10.Asesmen awal Keperawatan Rawat Jalan (Poliklinik/UGD) minimal berisi


a.Keluhan Utama
b.Pengkajian diperoleh dari (Pasien,keluarga)
c.Tanda-tanda Vital (TTV)
d.Kesadaran
e.Skrining Nyeri
f.Skrining Risiko Jatuh
g.Riwayat Kesehatan
h.Riwayat Alergi
i.Skrining Nutrisi
j.Status Fungsional
k.Kebutuhan Komunikasi
l.Status Fungsional
m.Kebutuhan Komunikasi
n.Pendidikan
o.Status Ekonomi dan Sosial
p.Masalah Keperawatan Tanggal dan jam,Tanda tangan dan Nama lengkap
Perawat serta terdokumentasi dalam rekam medik.

11.Pada pasien yang perlu dioperasi, bila tidak ada waktu untuk mengidentifikasi
riwayat kesehatan dan melakukan pemeriksaan fisik lengkap maka sedikitnya
ada catatan ringkas dan diagnosis pra operatif sebelum tindakan.
12.Pasien yang perlu rawat inap harus dilengkapi dengan kondisi terakhir pasien
saat dipindah keruangan dan serah terima dari UGD ke rawat inap secara tertulis.

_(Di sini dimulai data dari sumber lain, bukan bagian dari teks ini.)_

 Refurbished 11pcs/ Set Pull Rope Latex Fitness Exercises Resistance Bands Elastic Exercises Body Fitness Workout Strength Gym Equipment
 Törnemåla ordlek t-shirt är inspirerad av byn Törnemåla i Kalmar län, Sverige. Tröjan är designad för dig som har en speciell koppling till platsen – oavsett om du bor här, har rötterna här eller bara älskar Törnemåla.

13.Asesmen awal ICU /ICCU dilakukan segera setelah pasien masuk ICU /ICCU
14.Yang menjadi penanggung jawab pelayanan ICU /ICCU adalah dokter spesialis
anestesi.
15.Asesmen medis awal pra anestesi atau bedah didokumentasikan dalam rekam
medis pasien sebelum tindakan anestesi atau bedah.

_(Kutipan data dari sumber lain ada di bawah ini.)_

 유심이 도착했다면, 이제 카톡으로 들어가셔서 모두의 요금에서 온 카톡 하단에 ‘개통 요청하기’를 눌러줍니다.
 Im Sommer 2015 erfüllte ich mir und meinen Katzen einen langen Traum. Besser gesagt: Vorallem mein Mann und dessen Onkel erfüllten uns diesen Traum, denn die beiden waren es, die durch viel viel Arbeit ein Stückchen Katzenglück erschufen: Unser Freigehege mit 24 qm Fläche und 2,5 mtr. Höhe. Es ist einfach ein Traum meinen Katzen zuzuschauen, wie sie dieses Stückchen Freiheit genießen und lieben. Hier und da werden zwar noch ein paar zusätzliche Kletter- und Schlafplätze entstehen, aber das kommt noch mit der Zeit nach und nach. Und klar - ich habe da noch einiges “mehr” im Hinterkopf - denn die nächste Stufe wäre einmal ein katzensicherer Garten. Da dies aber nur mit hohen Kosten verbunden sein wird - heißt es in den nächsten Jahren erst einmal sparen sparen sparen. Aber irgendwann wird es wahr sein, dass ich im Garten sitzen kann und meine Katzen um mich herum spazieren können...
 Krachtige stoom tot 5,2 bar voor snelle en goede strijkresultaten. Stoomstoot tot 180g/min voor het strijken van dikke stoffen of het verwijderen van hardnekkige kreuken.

16.Asesmen awal dilakukan untuk memahami kebutuhan pelayanan medis dan
keperawatan sehingga pelayanan dan pengobatan dapat dimulai termasuk
mengidentikasi kebutuhan akan tambahan asesmen khusus.

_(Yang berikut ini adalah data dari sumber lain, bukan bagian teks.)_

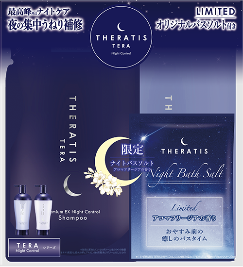 「ナイトリペア」、「テラ プレミアム EX ナイト モイスト」の3シリーズからオリジナルバスソルト付きの
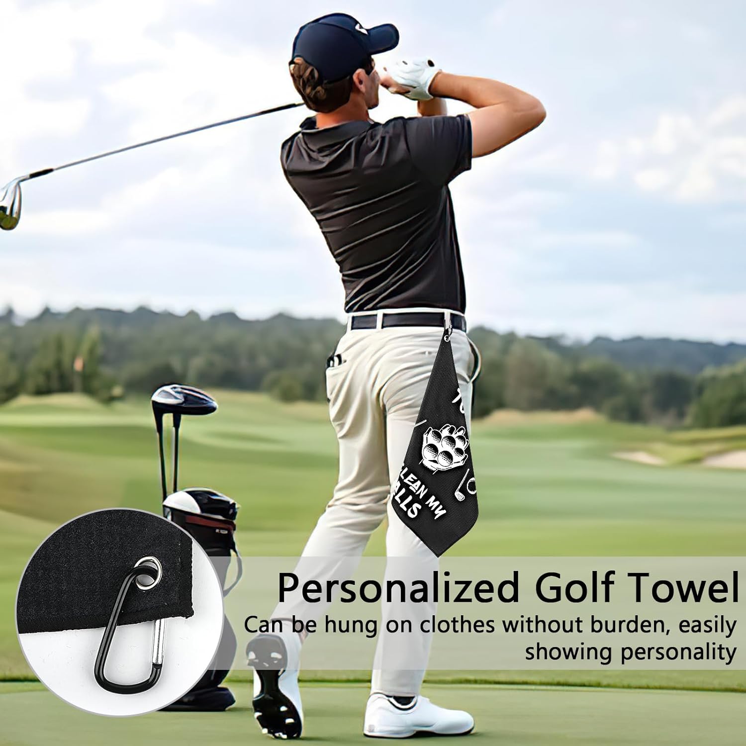 Deepton Golf Towel, Funny Golf Gifts for Men, Personalised Golf Towel Clean Golf Balls, Golf Accessories for Men, Novelty Golf Towels with Clip for Husband Boyfriend Dad Golfers (Black#1)
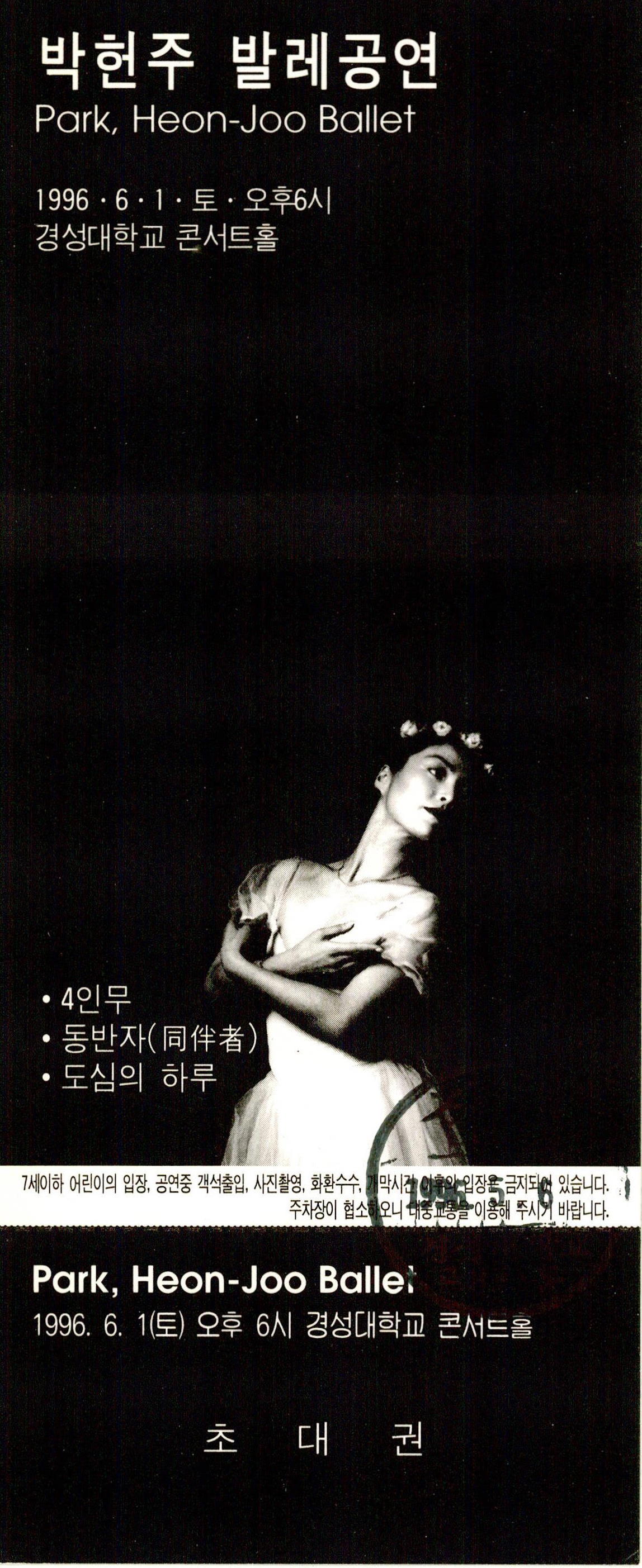 (초대권)1996년 6월 1일에 경성대학교 콘서트홀에서 박헌주가 공연한 《박헌주 발레공연(Park, Heon-Joo Ballet)》의 초대권이다. 초대권의 내용에는 공연일시, 장소, 작품공연으로 '4인무', '동반자(同伴者)', '도심의 하루'의 제목이 기술되어 있으며 유의사항이 기술되어 있다.

17.Bila asesmen sebagian atau seluruhnya dilaksanakan diluar rumah sakit (misal di
praktek dokter ), maka temuan harus dinilai ulang dan atau diverifikasi pada saat
masuk sebagai pasien rawat inap sesuai waktu antara asesmen diluar dengan
masuk rawat inap dan sifat temuan yang penting sesuai dengan kompleksitas
pasien, rencana pelayanan dan pengobatan.
18.Skrining status gizi dan kebutuhan fungsional pada asesmen awal medis dan
atau keperawatan didapat melalui penerapan kriteria skrining / penyaringan serta
dikonsul untuk asesmen lebih lanjut dan pengobatan apabila dibutuhkan.
19.Pada asesmen awal dan ulang medis dan keperawatan rawat inap / rawat jalan
dilakukan skrining rasa sakit (nyeri) yang meliputi umur intensitas dan kualitas
(karakter frekuensi, lokasi dan durasi) yang apabila terdeteksi maka pasien dirujuk
untuk mendapatkan manajemen nyeri.
20.Asesmen awal individual untuk populasi tertentu dilakukan oleh tenaga
kesehatan sesuai dengan disiplin klinis terhadap pasien dan keluarga pasien
untuk tindak lanjut pelayanan kesehatan, yang meliputi :
1) Anak-anak
2) DWewasa Muda
3) Sakit terminal
4) Wanita dalam proses melahirkan
5) Wanita dalam proses terminasi kehamilan
6) Pasien dengan kelainan emosional atau gangguan jiwa (Poliklinik)
7) Pasien diduga ketergantungan obat atau alcohol (Poliklinik)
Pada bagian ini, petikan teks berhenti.